Иду по улице Воровского, плутаю переулками, выбираюсь на Арбат и снова погружаюсь в переулки. Они выводят меня на Кропоткинскую… Наш московский Юго-Запад я люблю, там легко дышится. Так и должен жить человек: среди широких улиц, зелени, белых домов, стекла. И Ленинский проспект мне нравится. Можно, конечно, по-разному относиться к новой московской архитектуре, не все хорошо, не все найдено, не хватает неповторимости, нужно больше цвета. Но это — в движении, это город, пришедший к нам из будущего. А Арбат — это прошлое, с ним грустно расставаться. Теперь архитекторы мыслят кварталами городами. В прошлом веке думали особняками, двориками. В этом переулке на протяжении ста метров такое разнообразие, — приглядитесь! — оторваться нельзя. А вот там эти нестерпимо белые плоскости света в солнечный вечер. Знаете, что они мне напоминают? Картину Ге «Что есть истина?»! Там художнику поразительно удалось передать солнце.

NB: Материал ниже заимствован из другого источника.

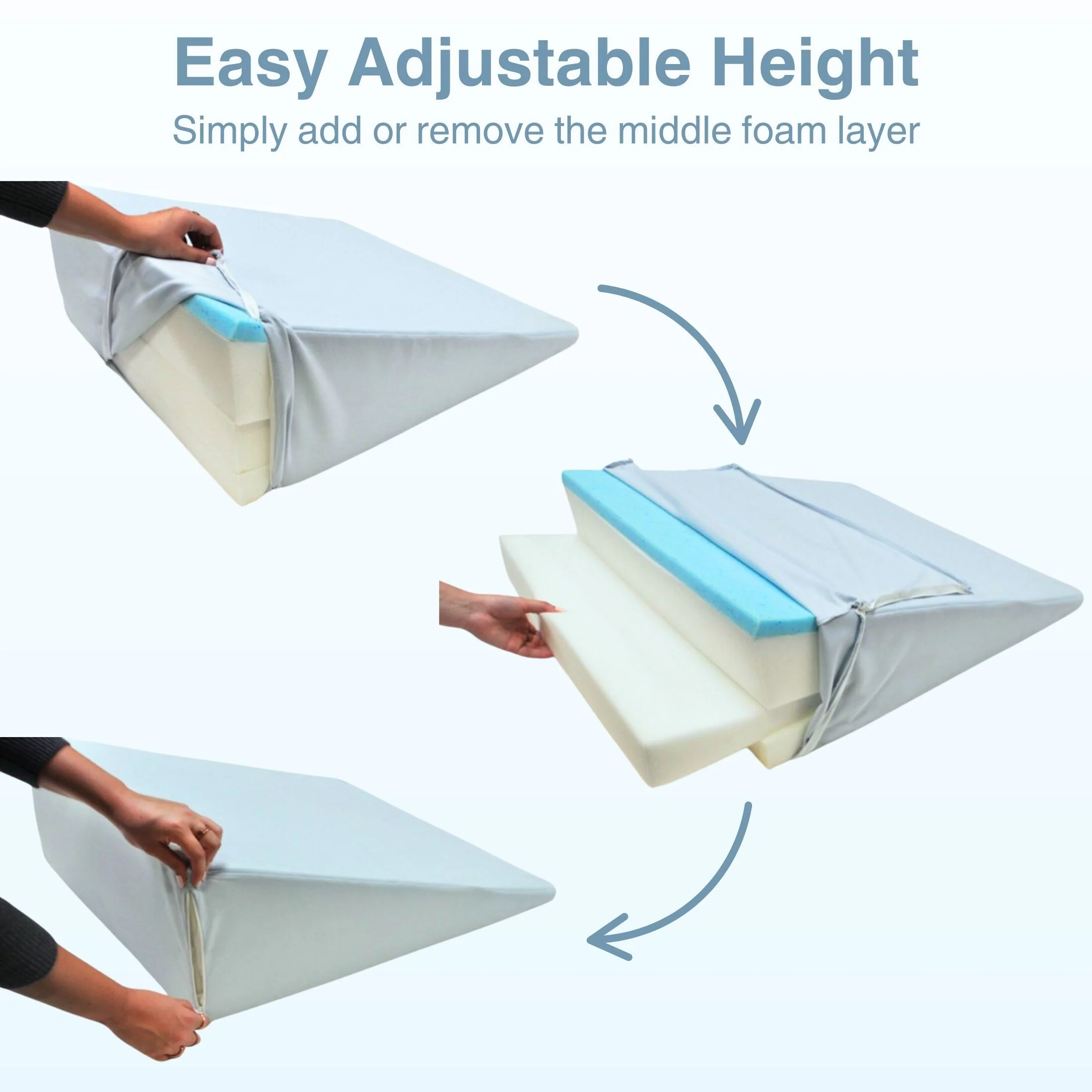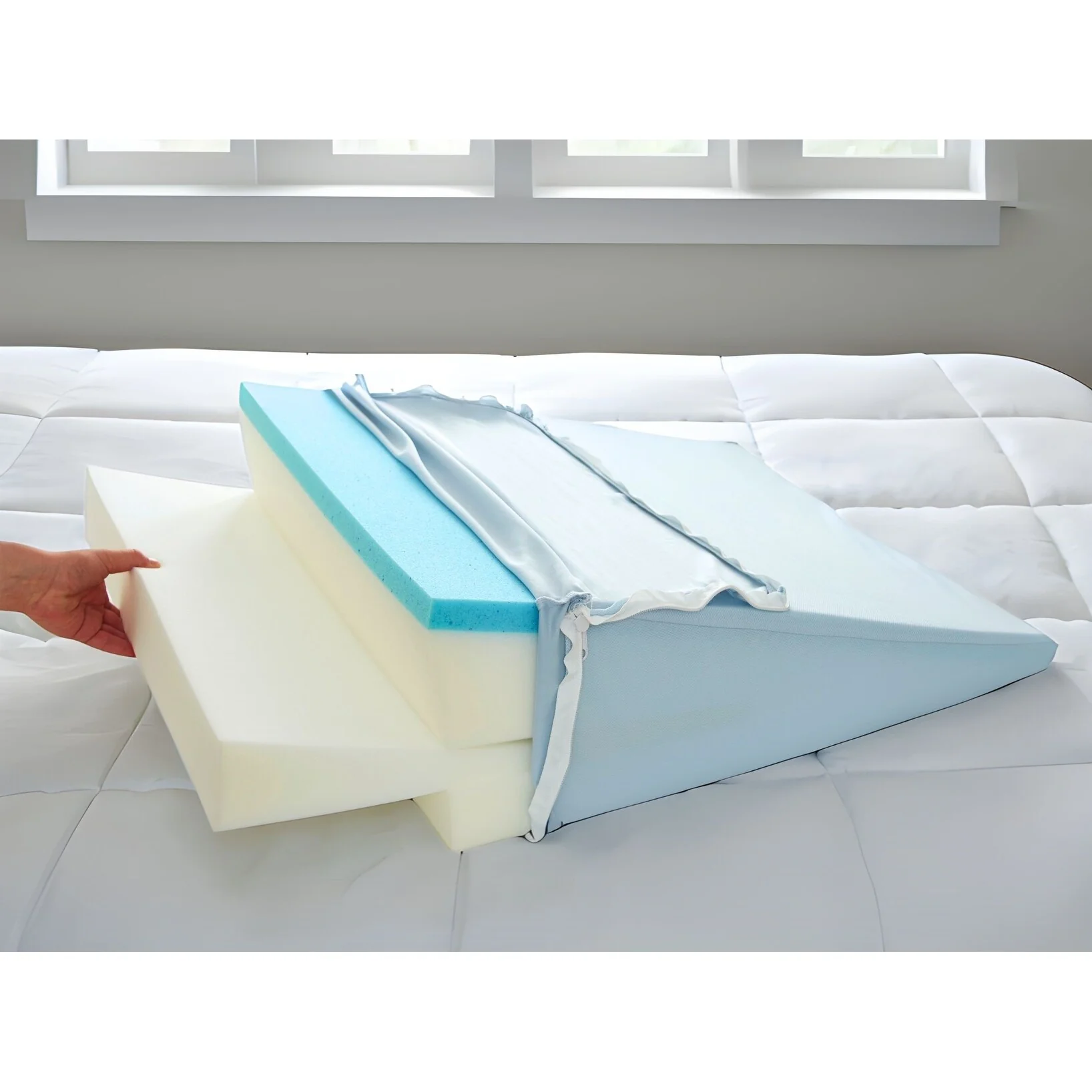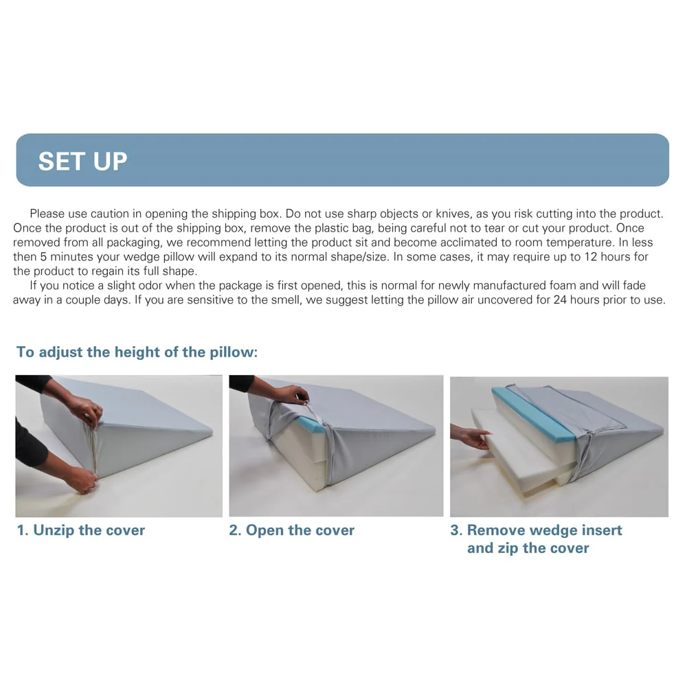 Body Sleep Adjustable Memory Foam Wedge Pillow with Zip-Off Washable Cover - Adjustable Elevation for Neck, Back, or Legs

…Белые плоскости ограничены тенями. Множество форм, не так, как на больших улицах. Тени играют на асфальте, это легкий ветер треплет листья. В переулочках полно деревьев. Некоторые положили ветви, словно локти, на решетки палисадников, смотрят на улицу, как люди. Посажены они бог знает когда, не рядами, а так, вольно, по душе давно умерших владельцев.

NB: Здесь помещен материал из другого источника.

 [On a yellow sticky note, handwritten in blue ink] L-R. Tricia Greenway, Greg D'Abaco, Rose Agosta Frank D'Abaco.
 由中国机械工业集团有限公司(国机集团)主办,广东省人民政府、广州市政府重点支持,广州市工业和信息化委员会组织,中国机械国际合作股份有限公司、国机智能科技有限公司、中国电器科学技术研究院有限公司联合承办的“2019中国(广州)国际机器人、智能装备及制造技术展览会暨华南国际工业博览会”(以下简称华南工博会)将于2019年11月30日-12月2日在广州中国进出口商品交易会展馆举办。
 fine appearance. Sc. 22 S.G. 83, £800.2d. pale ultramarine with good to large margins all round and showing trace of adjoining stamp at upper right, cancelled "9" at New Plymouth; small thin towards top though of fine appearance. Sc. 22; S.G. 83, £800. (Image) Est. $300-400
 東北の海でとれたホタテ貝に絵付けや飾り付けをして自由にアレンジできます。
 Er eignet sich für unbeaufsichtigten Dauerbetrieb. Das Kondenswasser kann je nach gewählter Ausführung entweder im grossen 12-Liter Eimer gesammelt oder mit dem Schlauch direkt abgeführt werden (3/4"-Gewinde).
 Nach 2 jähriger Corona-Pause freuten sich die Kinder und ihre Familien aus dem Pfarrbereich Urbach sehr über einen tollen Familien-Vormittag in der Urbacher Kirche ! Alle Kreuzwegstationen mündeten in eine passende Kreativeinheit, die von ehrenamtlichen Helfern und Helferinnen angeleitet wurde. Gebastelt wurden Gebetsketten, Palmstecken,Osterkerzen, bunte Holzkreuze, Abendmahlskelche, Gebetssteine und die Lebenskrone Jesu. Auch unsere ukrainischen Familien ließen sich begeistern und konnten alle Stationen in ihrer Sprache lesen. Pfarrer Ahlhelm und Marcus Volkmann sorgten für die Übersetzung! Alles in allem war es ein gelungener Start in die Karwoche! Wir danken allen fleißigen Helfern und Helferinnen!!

Вдоль тротуаров стоят машины, их здесь меньше, нежели в других местах. На лакированных крышах — солнечная точка, на нее больно смотреть, как на само солнце…

Знаете, солнечные блики на одиноких машинах всякий раз напоминают мне какую-то точку моей жизни, светящуюся точку, когда было мне хорошо и покойно, и все силы души были в движении, и я жил так полно, что полнее и невозможно…

Помню себя сидящим в плетеном кресле в маленьком плоту-ресторанчике порта в Батуми. Конец моего отпуска,

Передо мной большие бело-зеленые корабли. Солнце заходит. Хочу поймать, увидеть его последний луч в воде моря. Где-то слышал, что это зеленый луч и что видеть его можно лишь здесь… Смешно, но из-за этого луча я поехал в Батуми. Не отрываясь, я смотрю на корабли. Они постепенно краснеют медью. Слежу за последним лучом, он отражается в стекле рубки корабля, стоящего ко мне носом, дробится волной и бежит ко мне. Все меньше долек его приносят мне волны. Наконец он гаснет. Все было в цвете, все стало серым и черным… Помню, за соседним столиком три грузина вкусно ели шашлык, запивая его терпким «Мукузани». Когда погас последний луч, они вдруг запели в три голоса переливчатую грузинскую песню. Их голоса расходились далеко, что казалось, они уже никогда не сойдутся, каждый пел о своем. Но потом они неожиданно и незаметно сходились в одном пункте и шли в унисон. Потом снова расходились. Темнело…

А зеленый луч? Теперь мне кажется, что он был, я иногда рассказываю, что видел его, а тогда я и забыл о нем. Прошло уже много лет, но знаю, что это был один из лучших часов моей жизни…

Вот вы говорили о живописи — зачем она мне… — Почему я так люблю Сарьяна? Потому что это светящаяся точка. Он прибавляет к тому миру, который меня окружает, огромное свое, яркое, необыденное, дает волю моему воображению.

Художник важен мне как импульс для моей собственной душевной жизни. Терпеть не могу, когда художник поучает, стремится мне все разъяснить, как и что следует понимать, или, что еще хуже, видит все точно так же, как я и без него вижу.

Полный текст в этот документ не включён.